First Nation Trying to Reclaim What was Once Theirs

A very impertinent vote will be made in the summer month of July. The future vote will be to decide if a First Nation that is situated not too far from Antigonish, N.S., will be “allowed” to use a piece of land that has been laying fallow for the longest while.

#Why was the land unused for all this time, in the first place?

Well, back in the mid-60s, the pending development of the Trans-Canada Highway divided the Paqtnkek Mi’kmaw Nation into two equal parts, 200 hectares each.

The land was never utilized.

Since the tribe is growing and it is therefore understandable that it needs more space and it is a no news that it gets back what rightfully belongs to the Paqtnkek.

Hopefully [Paqtnkek] will be part of a destination. I always like to hear that, a destination rather than a pit stop because right now it’s the gateway to Cape Breton and out.”

Those were the words of the director of economic development with Paqtnkek Mi’kmaw Nation, Rose Paul.

Rose has been at it for a decade, trying to make this happen. It is her dream that there’ll be more structures such as houses, stores, etc., by the Highway that is the 104 which will be a main attraction for people.

She went on to say these words:

I’m really excited for the community. It’s definitely a real goal, a milestone for myself, and it’s something that I wouldn’t think was going to happen. We were challenged in so many ways.”

The highway interchange deal is not set in stone, yet; a vote must be carried out next month to decide if the Department of Transportation and Infrastructure of Renewal will commence work, this coming autumn season.

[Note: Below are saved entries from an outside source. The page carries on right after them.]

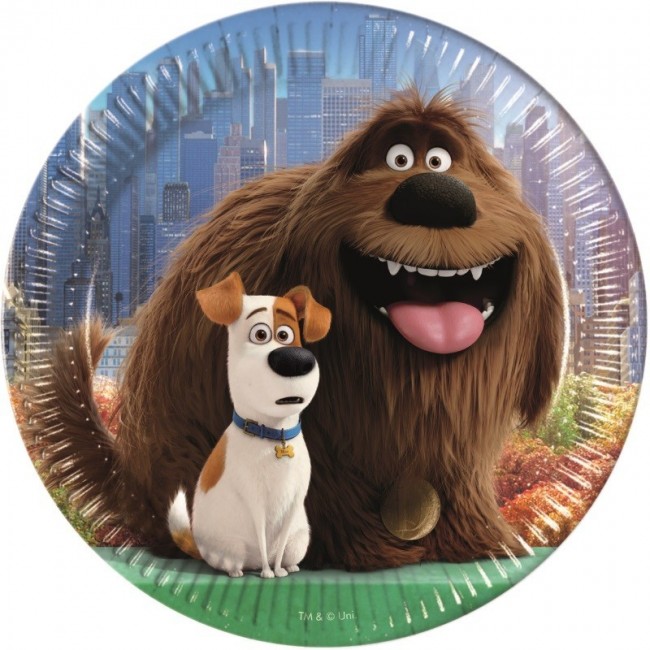 Conjunto de 8 pratos de papel cartonado dos adoráveis animais do filme Secret Life of Pets - A Vida Secreta dos Nossos Bichos. Diâmetro: 23cm.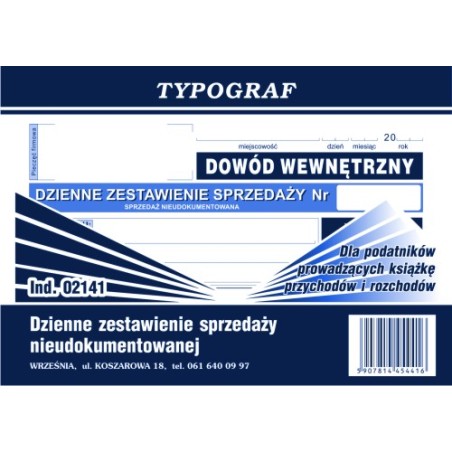 DZIENNE ZESTAWIENIE SPRZEDAŻY NIEUDOK. TYPO. 02141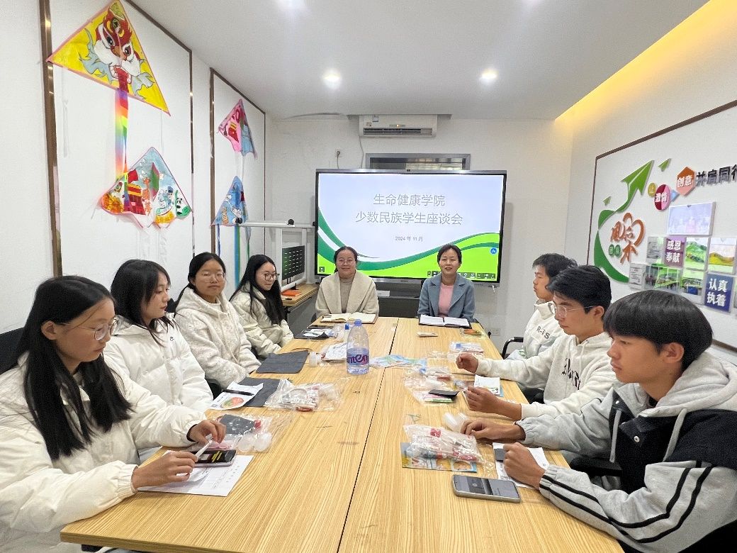(通讯员:张彤)为深入了解少数民族学生在校生活学习情况,倾听少数民族学生的心声,不断强化管理育人、服务育人的针对性与实效性,进一步增强学生的归属感和幸福感,生命健康学院于2024年11月27日下午在8栋“一站式”学生社区召开了少数民族学生座谈会。学院党总支书记叶志娟、学生科科长唐圆、学生辅导员张彤及2024级少数民族学生代表参加了本次座谈会。

In order for the “project” to start, what is called a “double majority” is required under the Indian Act. This is because, there will be a “surrendering” of a piece of the land—27 hectares of it.

A double majority simply means that of the 413 band members that are registered, 207 of them must vote. And of the 207, 105 must vote “yes”.

Rose Paul does reiterate by saying that it not a “surrender” per se for if the land is not used, it will most definitely go back to the Nation.

A compensation of over $2M will be received by the tribe. This is according to their leader, Chief Paul Prosper, in order to relocate many houses.

He also believes that all of this will greatly benefit his people.

If the voting doesn’t go as expected, then a whole year must pass before council can take a look at it again.